Biography

James Rosenquist was an American pop art painter.

After a short-term fellowship at the Minneapolis School of Art in 1948, James Rosenquist continued his studies of painting at the University of Minnesota from 1952 to 1954. In 1955 he went to New York City, where he received a scholarship to study at the Art Students League and in 1956 met Robert Indiana, Jasper Johns, Ellsworth Kelly, Agnes Martin, and Robert Rauschenberg.

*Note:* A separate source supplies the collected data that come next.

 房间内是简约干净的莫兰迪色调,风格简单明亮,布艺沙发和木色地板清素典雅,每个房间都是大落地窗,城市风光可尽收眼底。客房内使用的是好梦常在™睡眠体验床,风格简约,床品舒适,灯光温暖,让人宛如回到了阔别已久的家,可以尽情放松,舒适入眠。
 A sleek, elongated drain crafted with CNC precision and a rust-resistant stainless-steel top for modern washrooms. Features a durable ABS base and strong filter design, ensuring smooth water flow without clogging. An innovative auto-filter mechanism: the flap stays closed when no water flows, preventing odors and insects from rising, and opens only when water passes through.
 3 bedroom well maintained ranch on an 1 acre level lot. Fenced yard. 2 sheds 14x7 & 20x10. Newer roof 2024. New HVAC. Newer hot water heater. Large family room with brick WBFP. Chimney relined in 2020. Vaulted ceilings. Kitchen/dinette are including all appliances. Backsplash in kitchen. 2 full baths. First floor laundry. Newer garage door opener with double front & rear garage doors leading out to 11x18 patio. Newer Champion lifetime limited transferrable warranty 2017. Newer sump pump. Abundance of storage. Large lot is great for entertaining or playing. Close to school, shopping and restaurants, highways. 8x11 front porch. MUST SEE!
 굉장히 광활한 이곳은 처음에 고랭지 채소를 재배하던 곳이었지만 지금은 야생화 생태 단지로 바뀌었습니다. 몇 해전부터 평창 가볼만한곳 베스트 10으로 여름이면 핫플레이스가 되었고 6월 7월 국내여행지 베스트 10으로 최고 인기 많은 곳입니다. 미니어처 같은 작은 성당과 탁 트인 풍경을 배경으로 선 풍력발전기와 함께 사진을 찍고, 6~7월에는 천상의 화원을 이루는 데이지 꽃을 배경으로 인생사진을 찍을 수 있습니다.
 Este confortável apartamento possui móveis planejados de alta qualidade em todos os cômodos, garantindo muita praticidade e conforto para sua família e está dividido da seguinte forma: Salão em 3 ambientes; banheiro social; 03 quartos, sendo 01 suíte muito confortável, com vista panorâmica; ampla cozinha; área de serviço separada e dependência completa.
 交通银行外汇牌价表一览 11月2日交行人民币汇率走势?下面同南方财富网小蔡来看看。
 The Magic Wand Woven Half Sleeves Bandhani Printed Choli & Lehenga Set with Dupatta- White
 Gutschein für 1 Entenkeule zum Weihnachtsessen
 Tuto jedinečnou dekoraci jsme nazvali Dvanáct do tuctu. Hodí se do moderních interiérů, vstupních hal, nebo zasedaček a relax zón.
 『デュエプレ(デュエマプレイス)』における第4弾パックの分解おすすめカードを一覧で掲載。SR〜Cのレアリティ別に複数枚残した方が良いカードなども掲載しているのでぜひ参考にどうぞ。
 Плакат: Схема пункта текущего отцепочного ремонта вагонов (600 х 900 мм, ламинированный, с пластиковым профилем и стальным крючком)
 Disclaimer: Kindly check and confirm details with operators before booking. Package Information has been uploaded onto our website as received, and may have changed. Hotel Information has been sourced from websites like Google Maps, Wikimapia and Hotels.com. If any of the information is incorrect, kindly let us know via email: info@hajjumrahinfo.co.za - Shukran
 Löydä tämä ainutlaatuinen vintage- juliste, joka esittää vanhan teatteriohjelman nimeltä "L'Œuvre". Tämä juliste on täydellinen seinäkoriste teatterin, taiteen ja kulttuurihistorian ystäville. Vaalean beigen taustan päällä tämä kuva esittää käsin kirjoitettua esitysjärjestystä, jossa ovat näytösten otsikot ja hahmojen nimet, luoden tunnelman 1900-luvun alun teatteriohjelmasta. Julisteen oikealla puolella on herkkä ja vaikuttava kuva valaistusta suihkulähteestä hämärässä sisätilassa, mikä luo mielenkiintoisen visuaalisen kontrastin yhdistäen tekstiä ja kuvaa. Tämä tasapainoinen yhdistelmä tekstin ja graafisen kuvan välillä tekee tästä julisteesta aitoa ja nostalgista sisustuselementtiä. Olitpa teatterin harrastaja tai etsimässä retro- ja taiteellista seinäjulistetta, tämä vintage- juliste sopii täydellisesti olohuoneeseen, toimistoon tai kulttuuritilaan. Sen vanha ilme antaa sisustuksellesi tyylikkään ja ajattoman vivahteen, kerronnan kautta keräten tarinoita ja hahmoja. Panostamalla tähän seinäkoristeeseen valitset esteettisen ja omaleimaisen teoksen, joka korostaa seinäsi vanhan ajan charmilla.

From 1957 to 1960 he earned his living by painting advertising posters. With the advent of Pop Art, he quickly became one of its leading exponents. He applied the techniques of poster painting to the large-format paintings he created from 1960 onwards. In 1962 he had his first solo exhibition at the New York “Green Gallery”, which attracted a great deal of attention from the public and press.

Like other Pop Art artists, Rosenquist adopted the visual language of advertising and pop culture in the context of the visual arts. He received international recognition in 1965 with the room-filling painting F-111. James Rosenquist painted the F-111 fighter plane spread over four huge sections combined with other subjects such as spaghetti with tomato sauce, a hair dryer, light bulbs and a mushroom cloud. The painting is about three meters high and 26 meters wide.

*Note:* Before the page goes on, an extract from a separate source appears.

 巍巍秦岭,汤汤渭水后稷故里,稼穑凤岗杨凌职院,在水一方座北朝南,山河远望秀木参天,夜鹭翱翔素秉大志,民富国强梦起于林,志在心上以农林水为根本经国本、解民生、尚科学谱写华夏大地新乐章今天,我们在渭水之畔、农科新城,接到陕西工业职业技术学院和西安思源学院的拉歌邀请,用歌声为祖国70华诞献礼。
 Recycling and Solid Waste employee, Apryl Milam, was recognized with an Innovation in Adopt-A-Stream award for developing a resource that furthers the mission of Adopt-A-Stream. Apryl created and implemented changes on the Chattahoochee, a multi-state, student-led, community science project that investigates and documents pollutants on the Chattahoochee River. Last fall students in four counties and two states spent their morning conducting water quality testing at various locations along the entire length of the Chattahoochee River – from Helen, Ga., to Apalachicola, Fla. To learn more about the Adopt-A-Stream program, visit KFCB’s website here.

His speciality was to combine torn, seemingly misproportioned individual pictures on the canvas, to let them overlap and juxtapose them to create stories. This kind of narrative can surprise the viewer by making him think about familiar objects such as a pendant of the American moving company U-Haul or a box of oxydol detergent in a new way. In addition to painting, he had created a large number of prints, drawings and collages. One of his prints, Time Dust (1992), is considered the largest print in the world (approximately 2 × 11 meters).

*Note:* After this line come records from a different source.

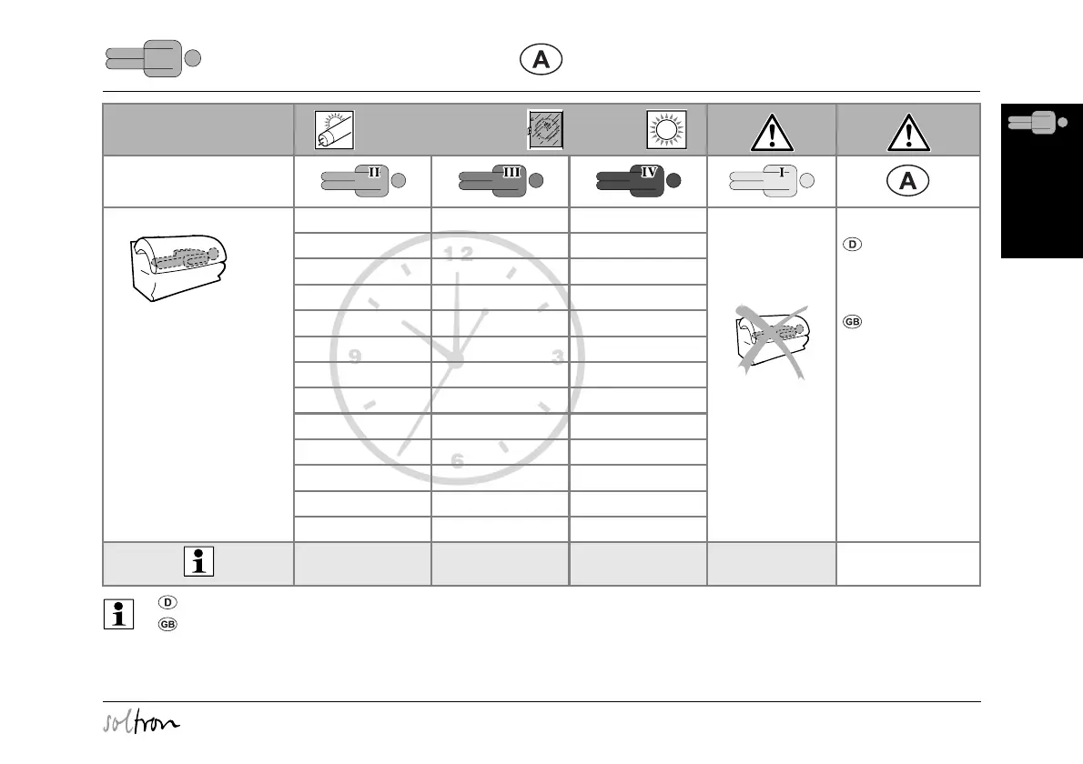 SOLTRON M-50 - Empfohlene Bräunungszeiten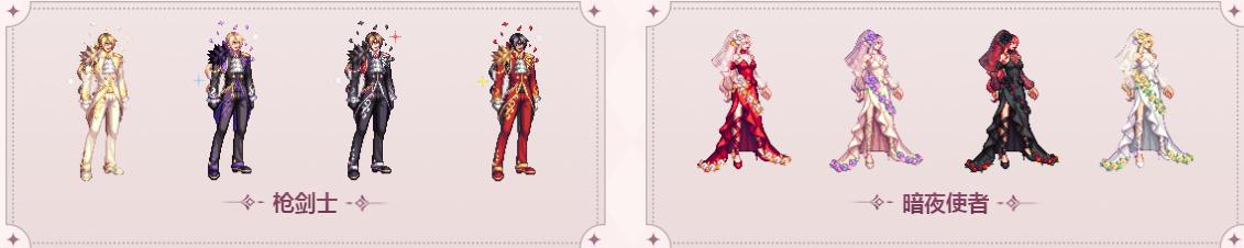 不渝誓约婚礼装扮套装自选礼盒开启后,可以选择职业和颜色(4选1),获得含皮肤装扮的不渝誓约婚礼装扮9部位套装。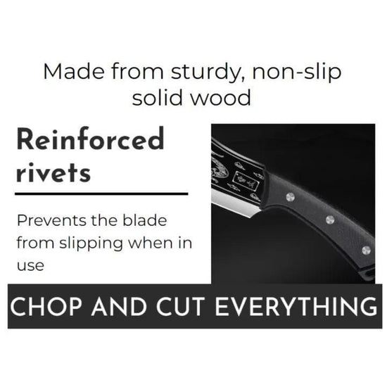 Product Name: Dragon Chopping Knife Stainless Steel Blade Package Contains: It has 1 Pack of Knife Material: Stainless Steel Color: Black Length: 33.2 Breadth: 6.5 cm Combo/Set Of: Pack of 1 Weight: 400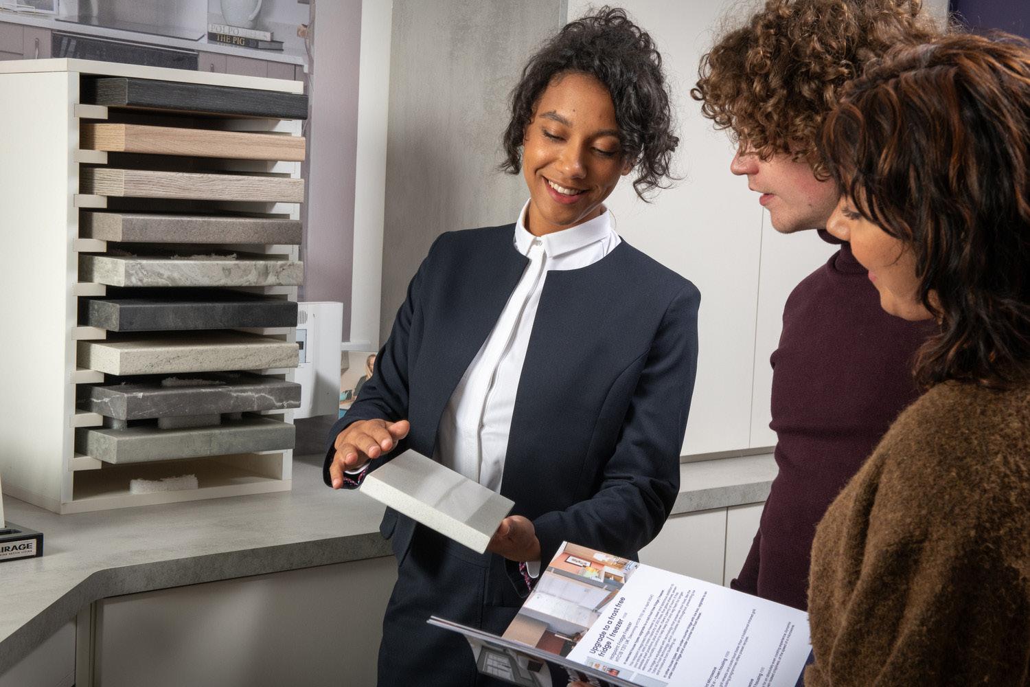 Take inspiration from our beautifully curated show homes and browse our selection of tiles, cupboard doors and worktop samples.

Since the first retrospectives of his work, organized in 1972 by the Whitney Museum of American Art, New York City, and the Wallraf-Richartz-Museum, Cologne, he has been the subject of many exhibitions in galleries and museums, both in the United States and abroad. He has continued to produce large-format commissioned art, including three paintings, The Swimmer in the Econo-mist (1997-1998) for the Deutsche Guggenheimmuseum, Berlin, and a painting that will grace the ceiling of the Palais de Chaillot in Paris.

His work continued to develop and retains its influence on younger generations of artists. His most recent works have focused on the phenomenon of time and were shown in the 2008 exhibition The Hole in the Center of Time at the Jablonka Gallery in Berlin.